Nicht nur, dass sich der bayerische Ministerpräsident und Vorsitzende der Christlich-Sozialen Union, der katholische Horst Seehofer, wegen der Asylpolitik mit dem Vorsitzenden der katholischen Deutschen Bischofskonferenz anlegt, dem Münchner Kardinal Reinhard Marx. Jetzt kommt auch noch Bundesinnenminister Thomas de Maizière, ein evangelischer Christ, seit 2003 Mitglied im Präsidium des Evangelischen Kirchentages, und erklärt, als Verfassungsminister lehne er „das Kirchenasyl prinzipiell und fundamental ab“. Bekannt wird das vor seinem Gespräch mit dem Ratsvorsitzenden der Evangelischen Kirche in Deutschland, dem Münchner Bischof Heinrich Bedford-Strohm, und nach einem Gespräch mit den katholischen Bischöfen vergangene Woche in Berlin.

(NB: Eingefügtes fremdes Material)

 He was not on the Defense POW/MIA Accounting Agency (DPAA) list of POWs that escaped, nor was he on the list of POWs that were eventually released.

De Maizière: Nicht eigenmächtig über Gesetze hinwegsetzen

Als Christ, sagt de Maizière, habe er zwar Verständnis, dass die Kirchen „in Einzelfällen“ unter dem Gesichtspunkt des Erbarmens Flüchtlinge aufnähmen. Doch es gehe nicht, dass sie sich eigenmächtig über bestehende Gesetze hinwegsetzten. Wie entsetzlich das klingt! So hartherzig und technokratisch. Seehofer wiederum hatte sich zuvor gegen Marx gewandt, weil der die Forderung der CSU nach einer schnelleren Abschiebung von abgelehnten Asylbewerbern zurückweist: „Pauschale Lösungen lehnen wir als Kirchen ab, denn das Asylrecht ist bezogen auf den Einzelnen.“ Viele abgelehnte Asylbewerber könnten nicht einfach in ihre Heimat zurückgeschickt werden, sagt Marx. Worauf Seehofer entgegnet: Es sei „eine Binsenweisheit der christlichen Ethik“, dass Solidarität und Gerechtigkeit zusammenhingen. Aus seiner Sicht werden Flüchtlinge hierzulande und in Europa nicht gerecht verteilt und abgelehnte Asylbewerber bleiben zu lange.

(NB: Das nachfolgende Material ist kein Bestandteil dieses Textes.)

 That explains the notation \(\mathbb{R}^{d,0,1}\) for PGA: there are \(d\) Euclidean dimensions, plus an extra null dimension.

In ganz Deutschland kümmern sich Gemeinden in beeindruckender Weise um Flüchtlinge

War schon der offen ausgesprochene Konflikt zwischen Marx und Seehofer kaum glaublich, übertrifft de Maizières Marschroute das aber noch. Ist es doch genau so, wie Kerstin Griese sagt, die SPD-Kirchenpolitikerin: In ganz Deutschland kümmern sich Gemeindemitglieder in tief beeindruckender Weise um Flüchtlinge. Und Kirchenasyl ist häufig die letzte Möglichkeit, ihnen beizustehen. Griese bekundet Respekt vor allen, die aus christlicher Überzeugung Hilfe anbieten, „auch wenn sie damit in Widerspruch zu staatlichen Entscheidungen geraten“. Das sagt eine Sozialdemokratin Christdemokraten und Christsozialen, die angeblich Politik auf der Grundlage des christlichen Menschenbildes vertreten. „Tu deinen Mund auf für die Stummen und für die Sache aller, die verlassen sind“, sagt Salomo.

Gibt es einen Bereich der Gesellschaftspolitik, in dem die führenden Politiker von CDU und CSU noch dem Ideal des C folgen? So wird die Streichung des „christlich“ aus den Parteinamen eine Frage der Glaubwürdigkeit.